▼

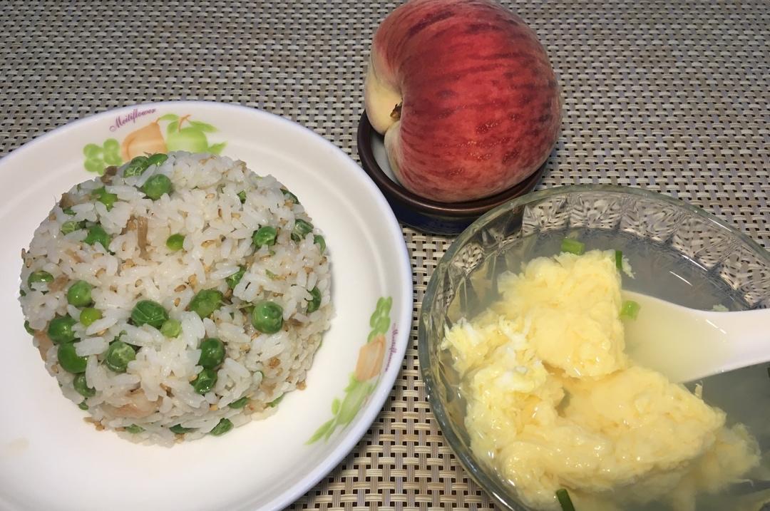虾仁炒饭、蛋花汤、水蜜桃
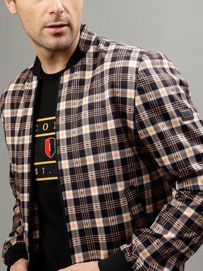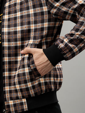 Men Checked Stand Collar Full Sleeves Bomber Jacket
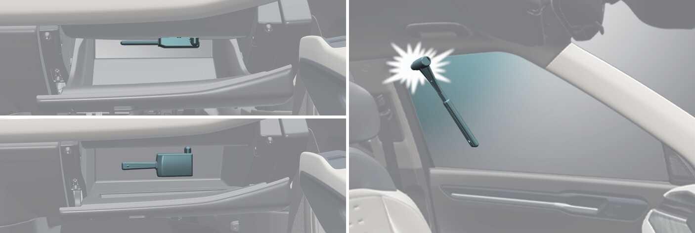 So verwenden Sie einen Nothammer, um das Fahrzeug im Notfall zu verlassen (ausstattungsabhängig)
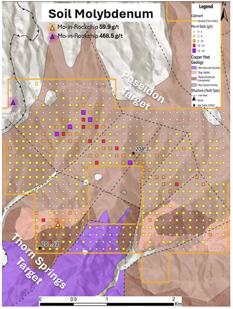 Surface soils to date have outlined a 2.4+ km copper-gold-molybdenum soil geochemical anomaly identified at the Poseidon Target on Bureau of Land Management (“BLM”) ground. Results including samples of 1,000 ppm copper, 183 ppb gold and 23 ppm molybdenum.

▲

* Directions
Print all of the data exactly, and do not carry over any pictures.

* Response area
虾仁炒饭、蛋花汤、水蜜桃
 Men Checked Stand Collar Full Sleeves Bomber Jacket
 So verwenden Sie einen Nothammer, um das Fahrzeug im Notfall zu verlassen (ausstattungsabhängig)
 Surface soils to date have outlined a 2.4+ km copper-gold-molybdenum soil geochemical anomaly identified at the Poseidon Target on Bureau of Land Management (“BLM”) ground. Results including samples of 1,000 ppm copper, 183 ppb gold and 23 ppm molybdenum.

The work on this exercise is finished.